__What to do__: In the entries that follow, locate the line with "За колючкой -40, какой-то", then restate that line and all later lines exactly as they appear, leaving pictures out.

__Supplied material__:
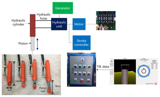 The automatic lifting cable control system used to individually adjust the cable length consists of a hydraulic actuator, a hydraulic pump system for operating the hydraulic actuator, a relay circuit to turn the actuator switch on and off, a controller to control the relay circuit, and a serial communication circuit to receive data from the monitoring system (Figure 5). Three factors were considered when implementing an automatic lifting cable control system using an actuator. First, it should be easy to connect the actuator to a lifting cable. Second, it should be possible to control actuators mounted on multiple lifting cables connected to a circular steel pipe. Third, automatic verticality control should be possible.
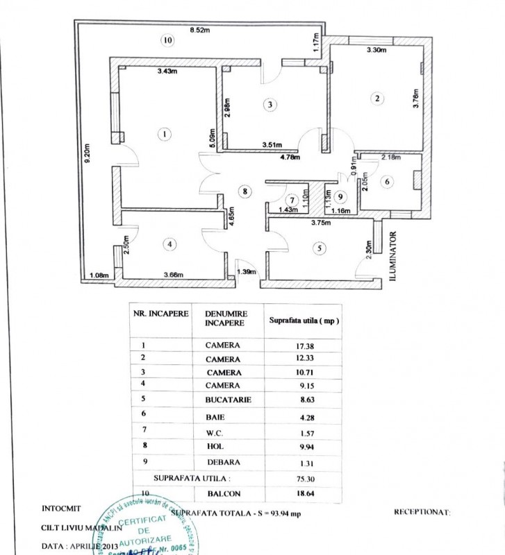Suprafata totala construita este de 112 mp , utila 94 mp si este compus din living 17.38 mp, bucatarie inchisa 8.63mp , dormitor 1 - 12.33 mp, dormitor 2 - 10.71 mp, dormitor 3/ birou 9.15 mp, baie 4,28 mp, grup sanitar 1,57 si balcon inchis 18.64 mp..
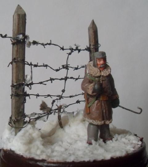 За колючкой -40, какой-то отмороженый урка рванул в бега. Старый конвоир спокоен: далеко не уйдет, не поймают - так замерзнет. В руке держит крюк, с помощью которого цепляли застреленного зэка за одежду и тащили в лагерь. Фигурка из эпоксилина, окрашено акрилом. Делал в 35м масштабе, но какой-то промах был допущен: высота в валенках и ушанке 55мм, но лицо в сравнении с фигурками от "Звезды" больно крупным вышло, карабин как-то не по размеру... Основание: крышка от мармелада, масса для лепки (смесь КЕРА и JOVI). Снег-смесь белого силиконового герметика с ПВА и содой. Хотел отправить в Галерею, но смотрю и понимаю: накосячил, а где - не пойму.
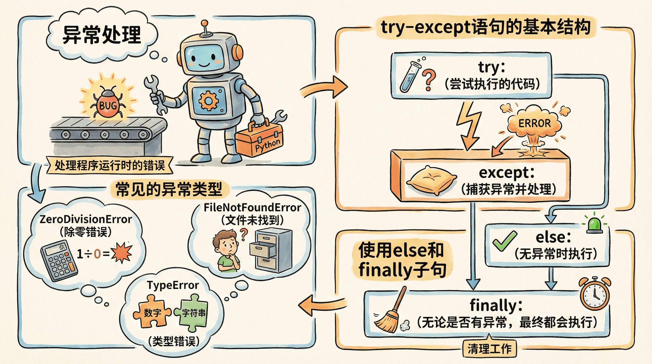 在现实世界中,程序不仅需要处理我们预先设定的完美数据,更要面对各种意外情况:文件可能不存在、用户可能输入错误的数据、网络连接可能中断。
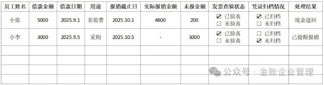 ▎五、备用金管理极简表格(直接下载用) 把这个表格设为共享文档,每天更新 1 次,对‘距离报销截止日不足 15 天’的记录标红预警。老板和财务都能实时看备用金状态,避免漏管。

__Written answer__:
 За колючкой -40, какой-то отмороженый урка рванул в бега. Старый конвоир спокоен: далеко не уйдет, не поймают - так замерзнет. В руке держит крюк, с помощью которого цепляли застреленного зэка за одежду и тащили в лагерь. Фигурка из эпоксилина, окрашено акрилом. Делал в 35м масштабе, но какой-то промах был допущен: высота в валенках и ушанке 55мм, но лицо в сравнении с фигурками от "Звезды" больно крупным вышло, карабин как-то не по размеру... Основание: крышка от мармелада, масса для лепки (смесь КЕРА и JOVI). Снег-смесь белого силиконового герметика с ПВА и содой. Хотел отправить в Галерею, но смотрю и понимаю: накосячил, а где - не пойму.
 在现实世界中,程序不仅需要处理我们预先设定的完美数据,更要面对各种意外情况:文件可能不存在、用户可能输入错误的数据、网络连接可能中断。
 ▎五、备用金管理极简表格(直接下载用) 把这个表格设为共享文档,每天更新 1 次,对‘距离报销截止日不足 15 天’的记录标红预警。老板和财务都能实时看备用金状态,避免漏管。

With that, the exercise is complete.